ThyssenKrupp Blues
E’ una storia che non poteva non essere raccontata, quella della tragedia avvenuta nello stabilimento torinese della Thyssenkrupp Acciai Speciali Terni il 6 dicembre del 2007. Questa storia, così come tante altre storie che parlano di tragedie annunciate, di morti sul posto di lavoro che potevano essere evitate. Tragedia che porta via delle vite, ma cambia inesorabilmente anche la vita di chi da questa tragedia viene solo sfiorato.
Il fatto di cronaca è noto: il gruppo industriale Thyssenkrupp, nato dalla fusione di due società tedesche arricchitesi con la produzione di armamenti durante le guerre mondiali e fortemente coinvolte con i nazisti, alla fine degli anni 90 si espande anche in Italia con l’acquisizione del polo siderurgico "Acciai Speciali Terni".
Nell’aprile del 2007 viene deciso lo smantellamento dell’impianto torinese, numerosi operai vengono messi in cassa integrazione e costretti a scegliere tra il trasferimento forzato (il protagonista parlerà di una vera e propria deportazione) e il licenziamento. A sorpresa la chiusura dell’impianto viene rimandata, e gli operai (in numero minore al necessario) vengono richiamati al lavoro anche se costretti a straordinari e turni massacranti per non perdere il loro diritto alla liquidazione. Il numero di operai insufficiente per mandare avanti il lavoro, le condizioni di lavoro disumane e le misure di sicurezza praticamente assenti portano, inesorabilmente, alla tragedia.

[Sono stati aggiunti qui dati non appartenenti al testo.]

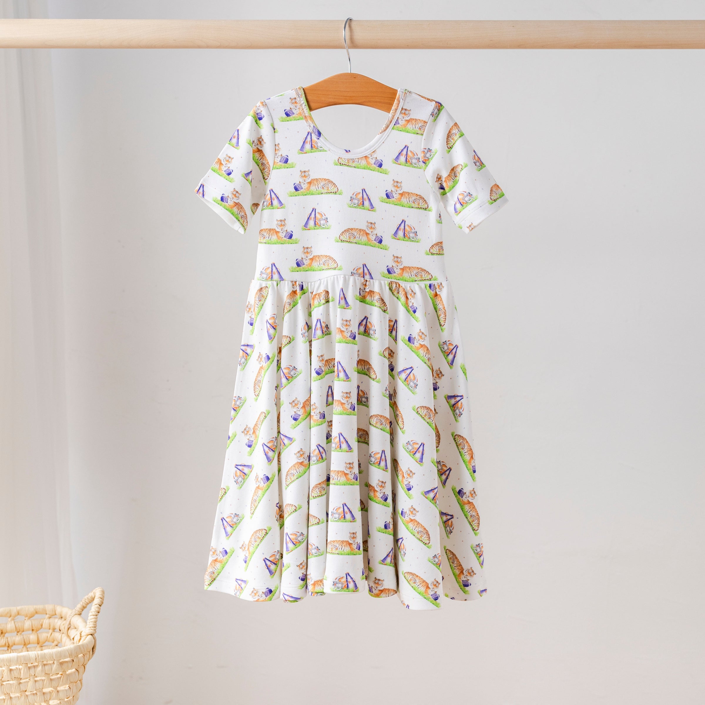 Let your little one cheer on the Tigers in style with our Mascot Mania in Auburn Organic Cotton Dress! Featuring a playful orange-and-blue tiger print with tailgating tents, this dress is perfect for game days, tailgates, school spirit events, and picture-perfect moments.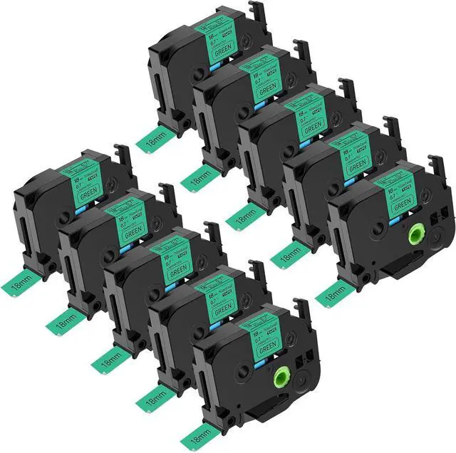 10 Pack Replacement for brother TZ-741 TZe-741 TZ741 TZe741 p touch label tape . Color: Black on Green; Size: 3/4 inch (18mm) x 26.2' (8m). Work well like genuine tapes, More affordable.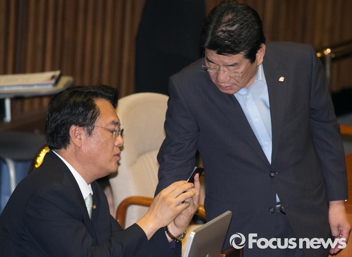 (서울=포커스뉴스) 6일 오후 서울 여의도 국회에서 열린 343회 국회(임시회) 8차 본회의에 참석한 정진석(왼쪽) 새누리당 원내대표와 강석호 의원이 대화하고 있다.
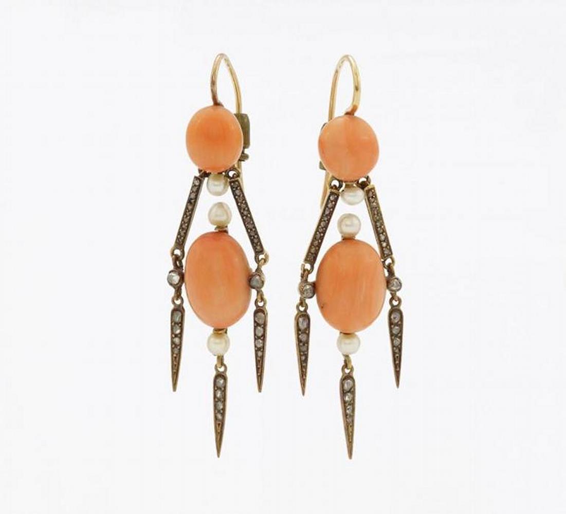 585/- Roségold, Gewicht: 13,0g. L.ca. 6,0cm. 70 winzige Diamantrosen, 4 Korall-Cabochons D.ca. 9,48 x 9,24mm, 13,82 x 10,48mm, 6 Süßwasser-Zuchtperlen.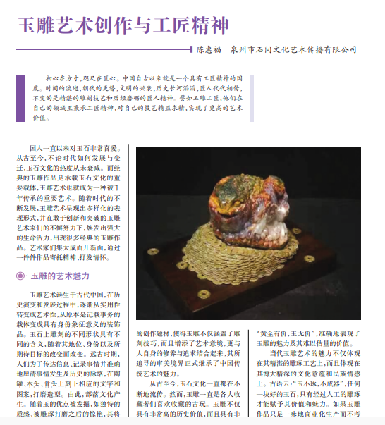 初心在方寸,咫尺在匠心。中国自古以来就是一个具有工匠精神的国 度。时间的流逝,朝代的更替,文明的兴衰,历史长河滔滔,匠人代代相传, 不变的是精湛的雕刻技艺和历经磨砺的匠人精神。譬如玉雕工匠,他们在 自己的领域里秉承工匠精神,对自己的技艺精益求精,实现了更高的艺术 价值。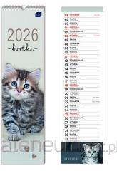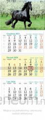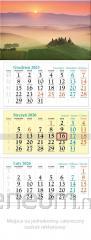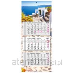 Kalendarz ścienny, trzymiesięczny z okienkiem; 12 kart. Główki wypukłe 2 wzory. Wymiary po rozłożeniu 200x775 mm.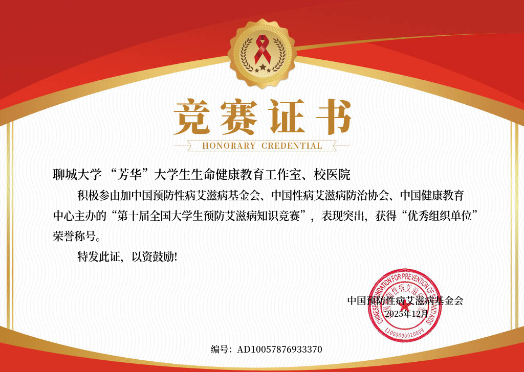 近日,“第十届全国大学生预防艾滋病知识竞赛”圆满结束,竞赛由中国预防性病艾滋病基金会、中国性病艾滋病防治协会、中国健康教育中心主办,校医院、“芳华”大学生生命健康教育工作室作为承办单位获评“优秀组织单位”,5人获“优秀指导老师”,5人获“优秀组织者”,6人获“社会实践证书”,10人获“优秀志愿者”荣誉称号。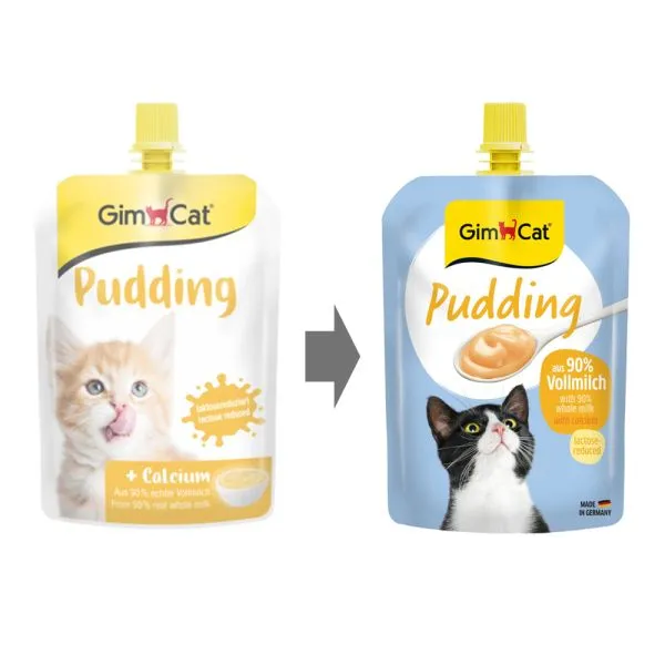 GimCat puding pre mačky je skutočnou lahôdkou z hodnotného plnotučného mlieka so zníženým obsahom laktózy.

E’ tutto qui l’ottimo "Thyssenkrupp Blues", presentato alla 65esima Mostra del Cinema di Venezia come Evento Speciale all’interno della sezione Orizzonti. I registi Pietro Balla e Monica Repetto avevano già collaborato ad un progetto simile, il documentario "Operai" per Rai3, analisi della vita di un gruppo di operai in Italia. Le riprese del film sono iniziate già nel maggio del 2007. L’idea era quella di un nuovo documentario sulla vita quotidiana degli operai, e i registi si sono imbattuti in Carlo Marrapodi, Carlo 722775 per la Thyssenkrupp, e lo hanno scelto come loro protagonista. Per loro Carlo è un eroe dei nostri giorni: per il lavoro ha sacrificato le sue origini (si è trasferito a Torino dalla Calabria) e proprio quando iniziava ad integrarsi nella nuova città la Thyssenkrupp, per la quale lavorava da oltre sei anni, ha tradito la sua fedeltà e lo ha messo in cassa integrazione. Carlo viene seguito dalla videocamera 24 ore su 24, e viene ben documentato, con grande realismo, il suo ribellarsi alle inumane condizioni di lavoro, alla cassa integrazione e ai ricatti del datore di lavoro. E’ una storia in soggettiva, che ha però un respiro molto più ampio e riesce ad essere, purtroppo, una chiara fotografia della nostra società. Ed è anche una riflessione sui media, così assenti nel momento della denuncia ma fin troppo presenti nel dolore.
E’ la storia di Carlo, ma è anche la storia di tanti altri come lui.
Doveva essere la cronaca del suo quotidiano, ed è invece diventata la cronaca di una tragedia, una storia della nostra società dove lavorare può voler dire morire. E il Blues del titolo, spiega la regista Monica Repetto, vuole essere allo stesso tempo la musica del lavoro in schiavitù e il colore livido della morte.

La frase: "Questa storia non è stata scritta".